• PROBLEM TO SOLVE:
Return nothing but the lines from the one with "お店はワインのボトルがデザイ" through the one with "Слайд 41В какой" in the data below, word for word and without pictures.

[Source data]

=== Begin Enclosure ===

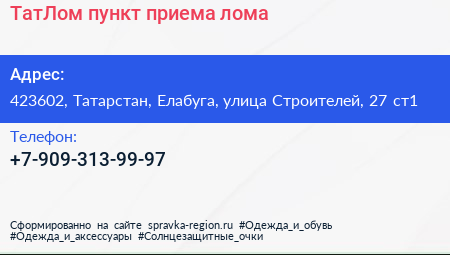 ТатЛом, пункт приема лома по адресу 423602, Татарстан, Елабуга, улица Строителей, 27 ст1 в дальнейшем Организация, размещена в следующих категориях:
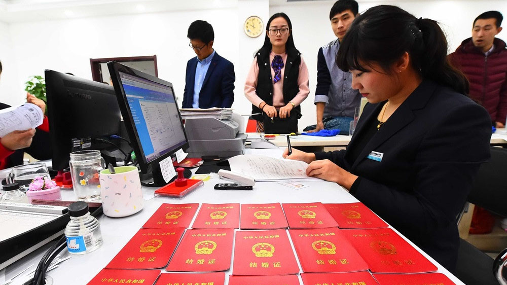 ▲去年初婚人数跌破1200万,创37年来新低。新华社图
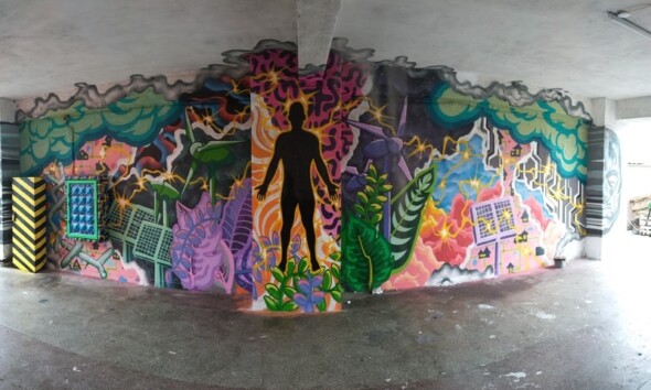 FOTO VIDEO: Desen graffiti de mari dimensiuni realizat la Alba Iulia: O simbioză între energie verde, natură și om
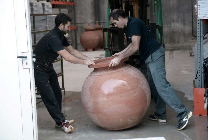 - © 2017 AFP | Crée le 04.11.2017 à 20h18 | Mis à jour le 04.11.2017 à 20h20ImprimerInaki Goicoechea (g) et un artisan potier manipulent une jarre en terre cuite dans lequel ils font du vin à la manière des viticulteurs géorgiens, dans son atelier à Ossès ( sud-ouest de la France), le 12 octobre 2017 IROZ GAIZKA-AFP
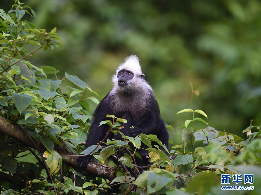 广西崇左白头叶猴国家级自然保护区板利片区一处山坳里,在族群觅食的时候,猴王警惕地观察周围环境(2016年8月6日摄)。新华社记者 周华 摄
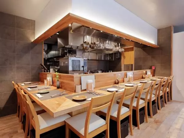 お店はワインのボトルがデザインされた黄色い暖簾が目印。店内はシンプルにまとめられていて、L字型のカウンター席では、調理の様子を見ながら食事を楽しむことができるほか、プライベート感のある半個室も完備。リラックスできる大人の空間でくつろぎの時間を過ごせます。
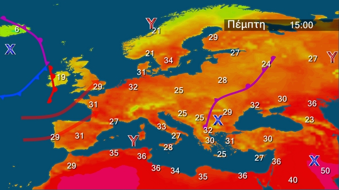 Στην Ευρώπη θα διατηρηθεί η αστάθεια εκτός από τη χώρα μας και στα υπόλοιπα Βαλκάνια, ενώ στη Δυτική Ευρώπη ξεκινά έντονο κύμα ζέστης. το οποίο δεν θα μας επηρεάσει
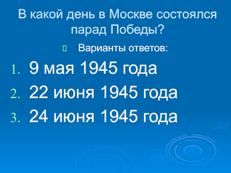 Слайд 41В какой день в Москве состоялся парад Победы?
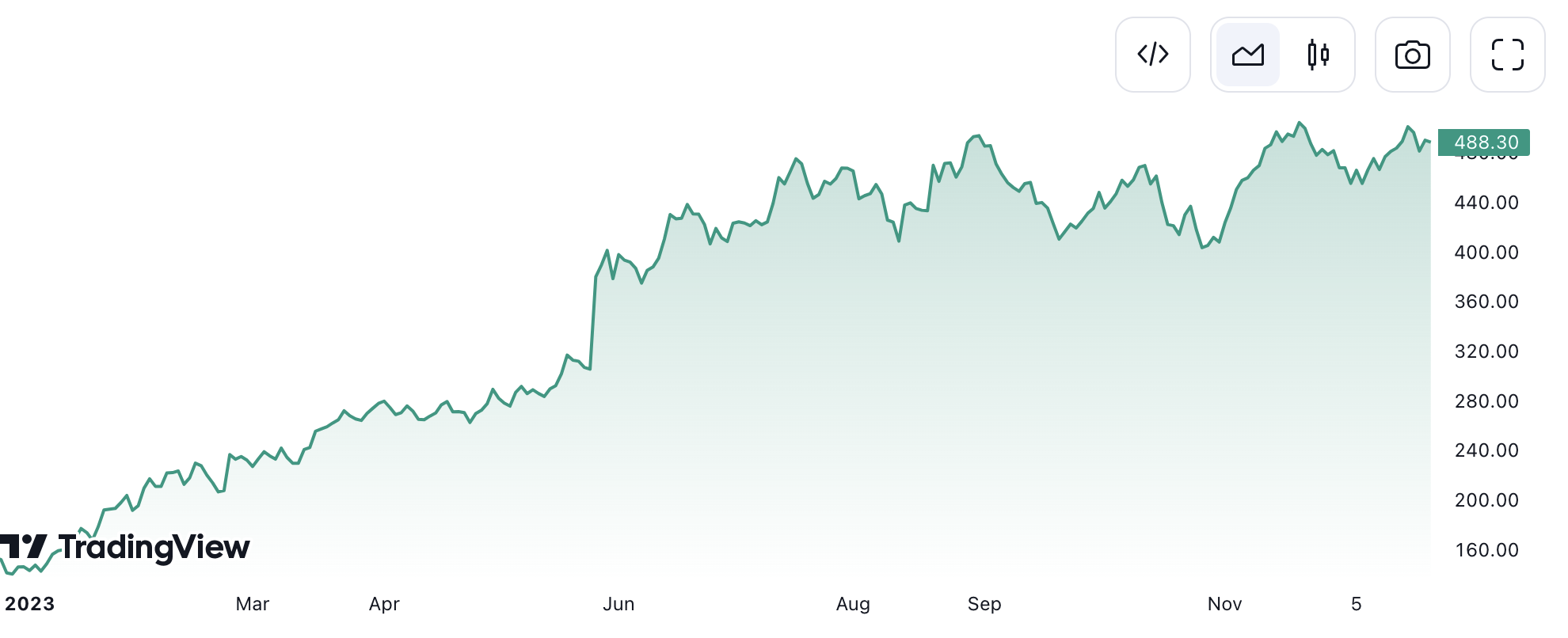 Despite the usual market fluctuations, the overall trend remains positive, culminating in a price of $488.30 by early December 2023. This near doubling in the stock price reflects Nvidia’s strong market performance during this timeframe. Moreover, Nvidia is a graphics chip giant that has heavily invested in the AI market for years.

=== End Enclosure ===

• EXPECTED ANSWER:
 お店はワインのボトルがデザインされた黄色い暖簾が目印。店内はシンプルにまとめられていて、L字型のカウンター席では、調理の様子を見ながら食事を楽しむことができるほか、プライベート感のある半個室も完備。リラックスできる大人の空間でくつろぎの時間を過ごせます。
 Στην Ευρώπη θα διατηρηθεί η αστάθεια εκτός από τη χώρα μας και στα υπόλοιπα Βαλκάνια, ενώ στη Δυτική Ευρώπη ξεκινά έντονο κύμα ζέστης. το οποίο δεν θα μας επηρεάσει
 Слайд 41В какой день в Москве состоялся парад Победы?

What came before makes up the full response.